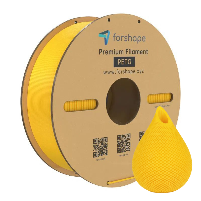 PETG Amarelo 1.75mm é um filamento sólido, hidrofóbico, translúcido e sem odor. O PETG Amarelo é um filamento PET premium que oferece alta resistência a impactos e boa estabilidade dimensional. Este filamento PETG Amarelo 1.75mm da Forshape combina as vantagens do PLA e do ABS.
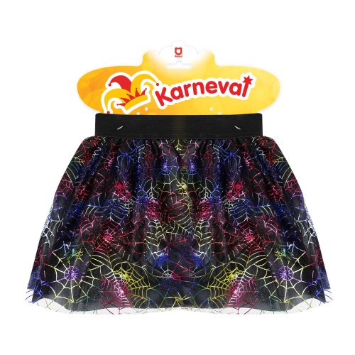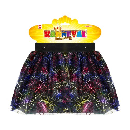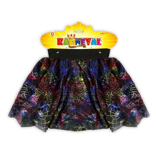 Sukně tutu pro všechny malé parádnice čarodějnice! Sukýnka má černou spodničku, překrytou tylem potištěným barevnými pavučinkami. Je určena pro holčičky ve věkovém rozmezí 3-7 let. Délka sukně je 28 cm. Skvěle se hodí i na oslavu Halloweenu nebo karneval!
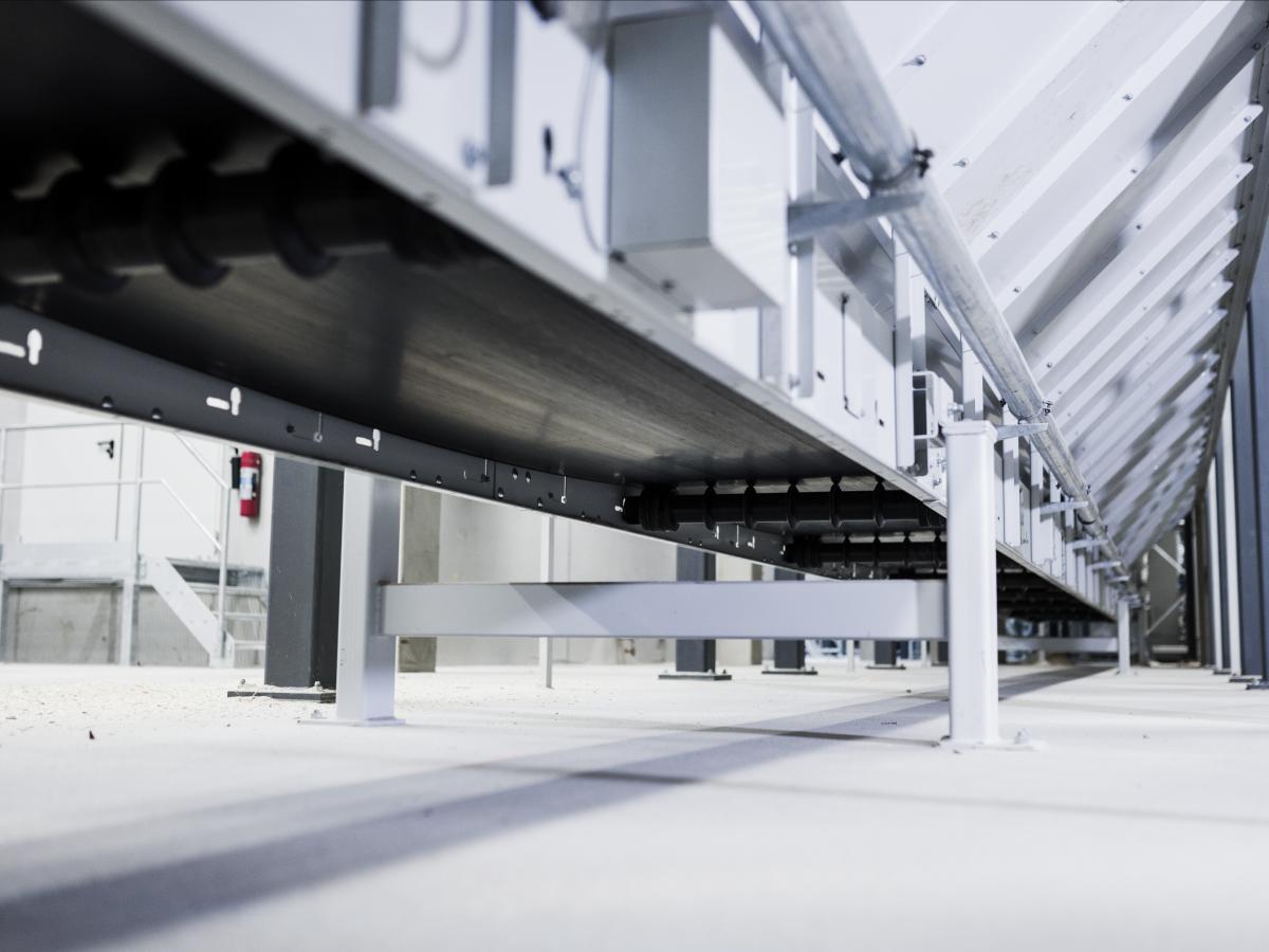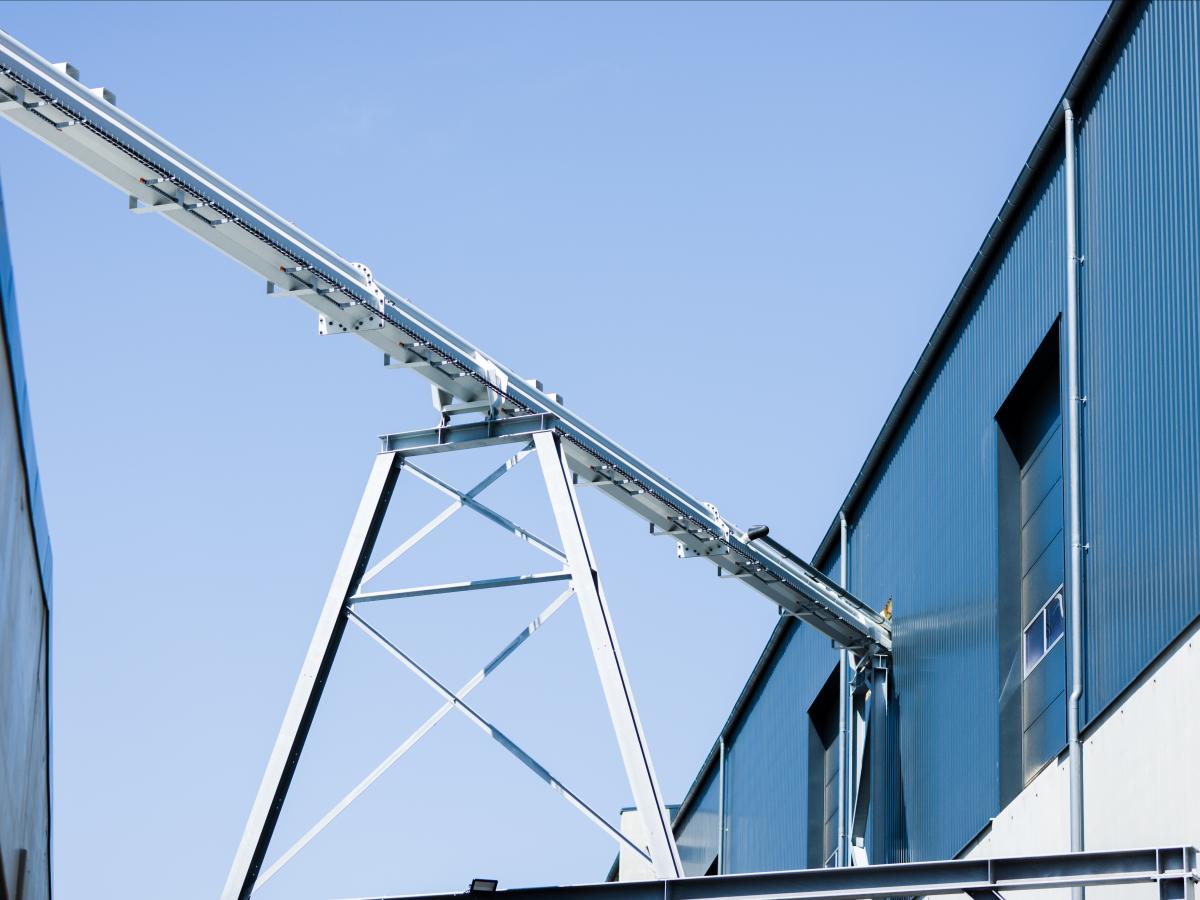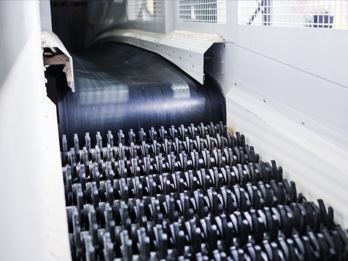 Each drive station is equipped with two scrapers. Users can adjust the front head scraper and the carbide scraper from outside the machine. The components can be re-tensioned quickly and easily with a ratchet. The front head scraper is flexible but strong enough to remove extraneous materials from the belt. The carbide scraper is more thorough and prevents resin, for example, from sticking to the belt. These scrapers reduce maintenance times, increase equipment availability, and reduce material carry-over. The system conveys the material at a maximum of 2.5 metres per second. Another Vecobelt, approximately 80 metres in length, carries the waste wood from the screening station to the pellet plant.
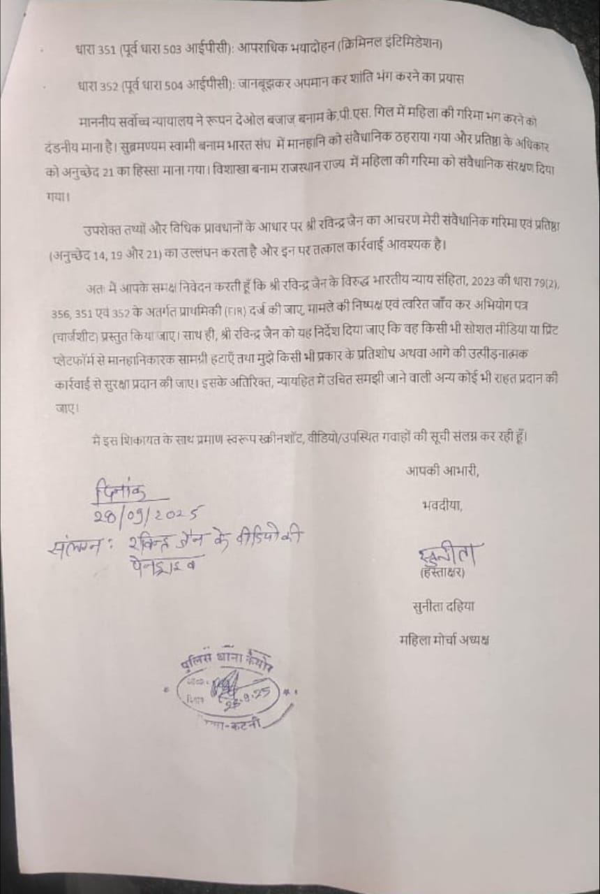 अतः मैं आपसे निवेदन करती हूं कि रविन्द्र जैन के विरुद्ध भारतीय दंड संहिता 2023 की धारा 79(2),356,351एवं 352 के अंतर्गत प्राथमिकी FIR दर्ज की जाए मामले की निष्पक्ष एवं त्वरित जांच कर अभियोग़ पत्र प्रस्तुत किया जाए।साथ ही रविन्द्र जैन को यह निर्देश दिए जाए कि वह किसी भी सोशल मीडिया या प्रिंट प्लेटफार्म से मानहानि कारक साम्रगी हटाएं तथा मुझे किसी भी प्रकार के प्रतिशोध अथवा आगे के उत्पीड़नात्मक कारवाई से सुरक्षा प्रदान की जाए।
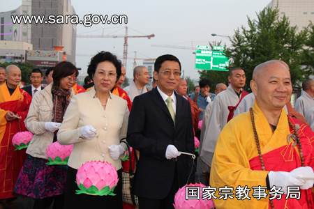 (左首为吉林省宗教局姜光子局长,右首为中国佛教协会副会长明生法师)
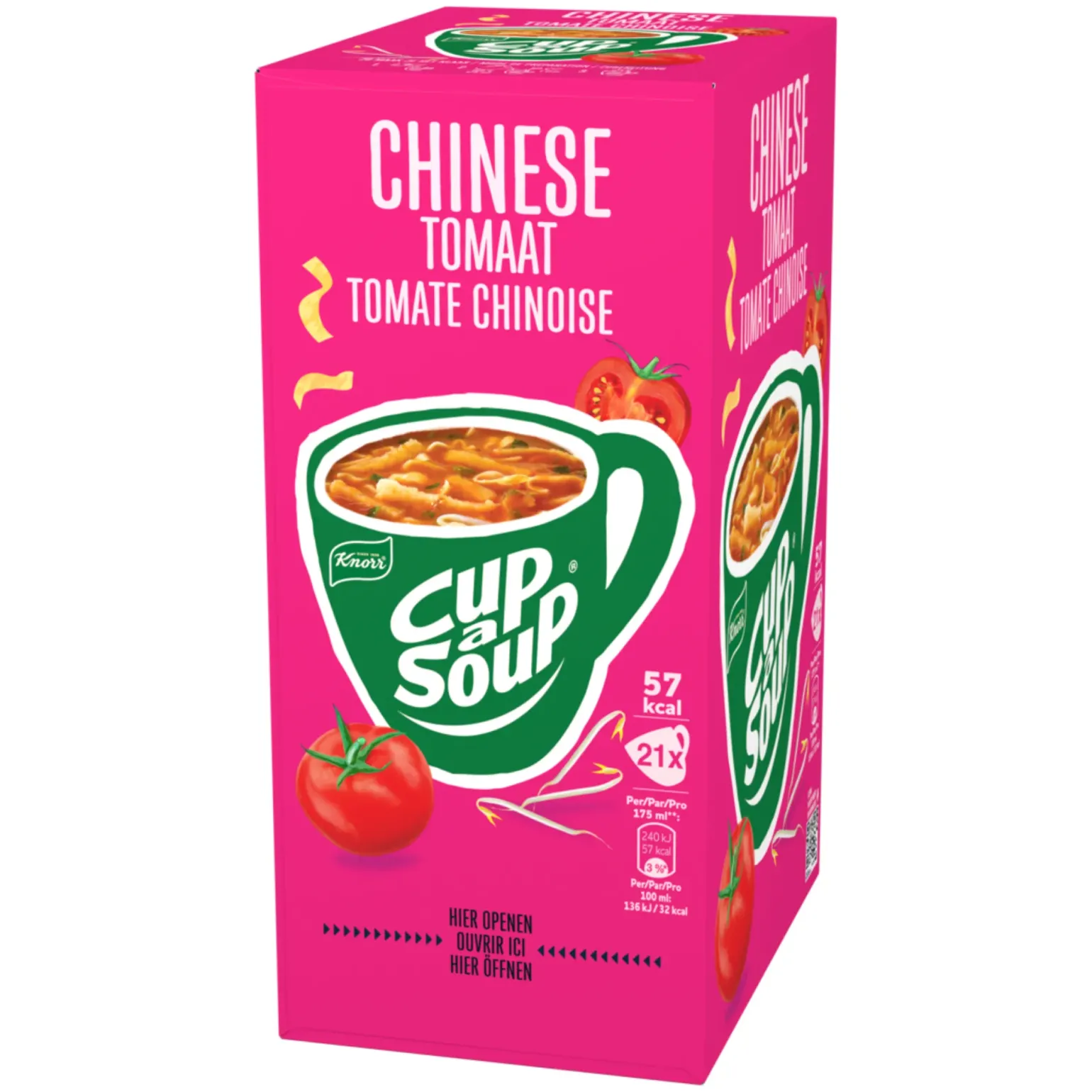 Knorr Cup-a-Soup Chinese Tomaat (21 x 175ml), dé ideale snelle, hartige snack voor op het werk of thuis. Deze smaakvolle tomatensoep met een subtiele oosterse twist combineert de friszoete smaak van duurzaam geteelde tomaten met heerlijke specerijen zoals koriander, kruidnagel en cayennepeper. Perfect als tussendoortje op een drukke dag of als lichte maaltijdvervanger. Deze soep bevat geen kunstmatige kleurstoffen, conserveermiddelen of toegevoegde smaakversterkers, puur genieten van natuurlijke ingrediënten. Met 21 zakjes in één verpakking heb je altijd een snelle, lekkere soep binnen handbereik.
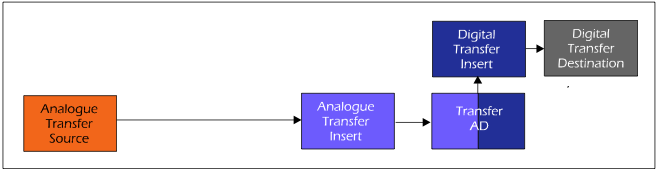 If you starts from an analogue source (such as open reel), and add one analogue processor and one digital processor, Crookwood will automatically insert the transfer AD (ADC) after the analogue processor, before sending digital signal for the digital insert.
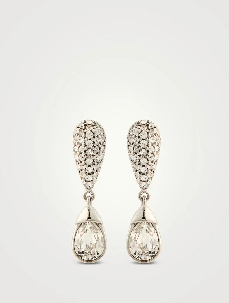 A large stone hangs from delicate teardrop shapes, each set with matching pavé crystals, combining bold design with detailed craftsmanship.
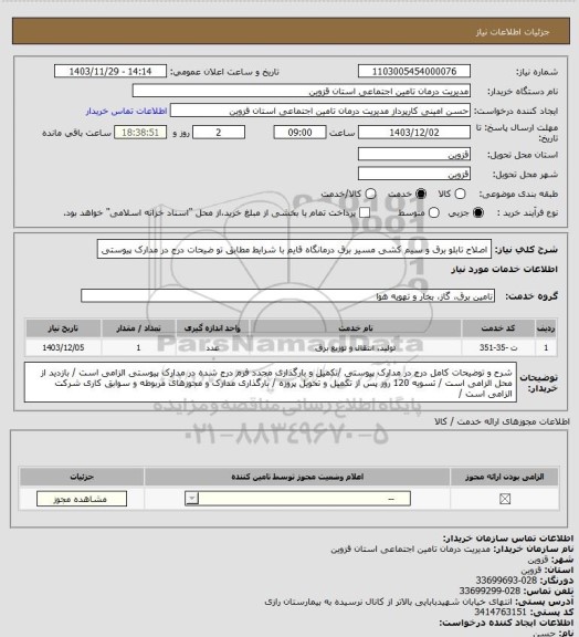 شرح کلی نیاز: اصلاح تابلو برق و سیم کشی مسیر برق درمانگاه قایم با شرایط مطابق تو ضیحات درج در مدارک پیوستی
══════════
◆ **What you should do**
Your copy should run from the line that has "A large stone" through the last line above, exactly, with both ends in and pictures out.

◆ **Task solution**
 A large stone hangs from delicate teardrop shapes, each set with matching pavé crystals, combining bold design with detailed craftsmanship.
 شرح کلی نیاز: اصلاح تابلو برق و سیم کشی مسیر برق درمانگاه قایم با شرایط مطابق تو ضیحات درج در مدارک پیوستی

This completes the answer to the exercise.